=== Data for this exercise ===

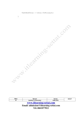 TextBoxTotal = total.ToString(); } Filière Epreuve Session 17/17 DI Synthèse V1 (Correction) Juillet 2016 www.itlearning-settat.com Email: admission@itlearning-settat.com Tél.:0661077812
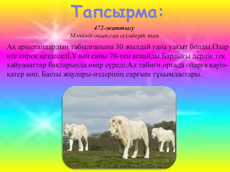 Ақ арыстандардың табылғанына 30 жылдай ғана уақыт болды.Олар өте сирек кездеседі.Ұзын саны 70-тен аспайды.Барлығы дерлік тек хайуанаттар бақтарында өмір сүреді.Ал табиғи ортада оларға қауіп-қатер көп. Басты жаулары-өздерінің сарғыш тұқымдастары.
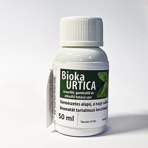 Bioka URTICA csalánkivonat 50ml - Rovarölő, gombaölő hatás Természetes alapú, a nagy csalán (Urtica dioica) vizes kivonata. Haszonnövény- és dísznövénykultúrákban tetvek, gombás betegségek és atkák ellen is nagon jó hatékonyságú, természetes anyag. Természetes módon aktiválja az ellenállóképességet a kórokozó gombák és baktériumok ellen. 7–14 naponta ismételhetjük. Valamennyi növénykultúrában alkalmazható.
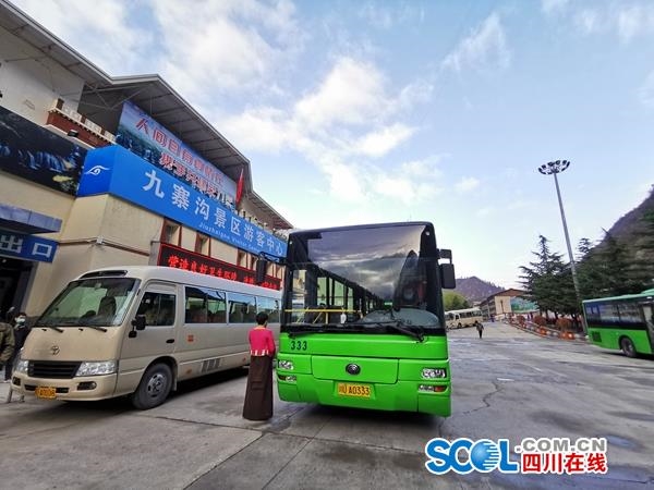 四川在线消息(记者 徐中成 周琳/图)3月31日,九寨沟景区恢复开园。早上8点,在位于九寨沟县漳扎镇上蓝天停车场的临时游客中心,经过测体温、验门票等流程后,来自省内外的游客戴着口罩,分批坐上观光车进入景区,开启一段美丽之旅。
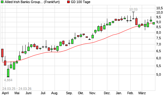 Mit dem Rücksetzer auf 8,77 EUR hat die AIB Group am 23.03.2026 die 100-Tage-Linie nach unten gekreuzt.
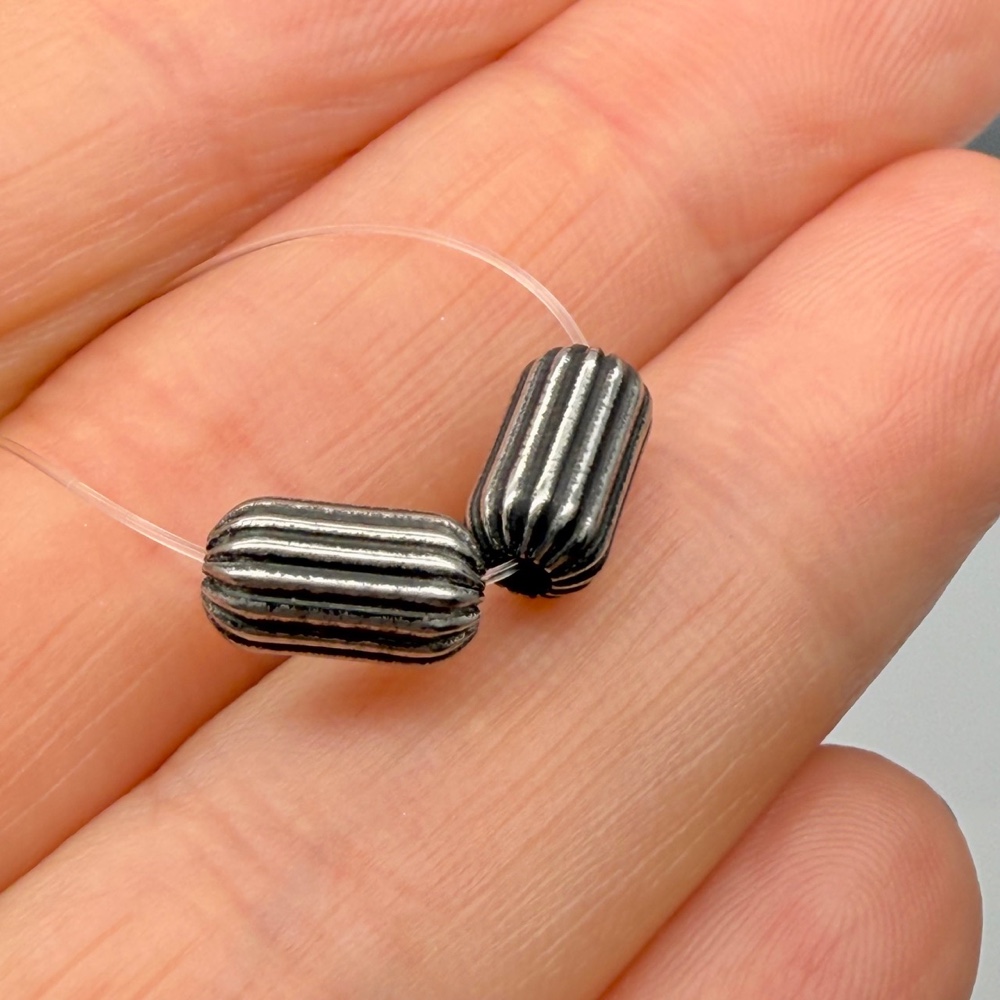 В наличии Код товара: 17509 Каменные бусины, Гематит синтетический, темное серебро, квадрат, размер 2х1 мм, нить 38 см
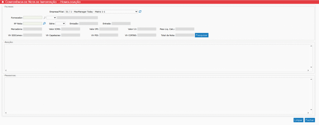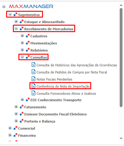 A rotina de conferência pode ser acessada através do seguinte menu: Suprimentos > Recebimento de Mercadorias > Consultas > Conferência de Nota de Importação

===

### Your goal
Give back word for word the lines from the one containing "Bioka URTICA csalánkivonat" through the final line of the data above. Pictures are to be left out.

### Solution for this exercise
 Bioka URTICA csalánkivonat 50ml - Rovarölő, gombaölő hatás Természetes alapú, a nagy csalán (Urtica dioica) vizes kivonata. Haszonnövény- és dísznövénykultúrákban tetvek, gombás betegségek és atkák ellen is nagon jó hatékonyságú, természetes anyag. Természetes módon aktiválja az ellenállóképességet a kórokozó gombák és baktériumok ellen. 7–14 naponta ismételhetjük. Valamennyi növénykultúrában alkalmazható.
 四川在线消息(记者 徐中成 周琳/图)3月31日,九寨沟景区恢复开园。早上8点,在位于九寨沟县漳扎镇上蓝天停车场的临时游客中心,经过测体温、验门票等流程后,来自省内外的游客戴着口罩,分批坐上观光车进入景区,开启一段美丽之旅。
 Mit dem Rücksetzer auf 8,77 EUR hat die AIB Group am 23.03.2026 die 100-Tage-Linie nach unten gekreuzt.
 В наличии Код товара: 17509 Каменные бусины, Гематит синтетический, темное серебро, квадрат, размер 2х1 мм, нить 38 см
 A rotina de conferência pode ser acessada através do seguinte menu: Suprimentos > Recebimento de Mercadorias > Consultas > Conferência de Nota de Importação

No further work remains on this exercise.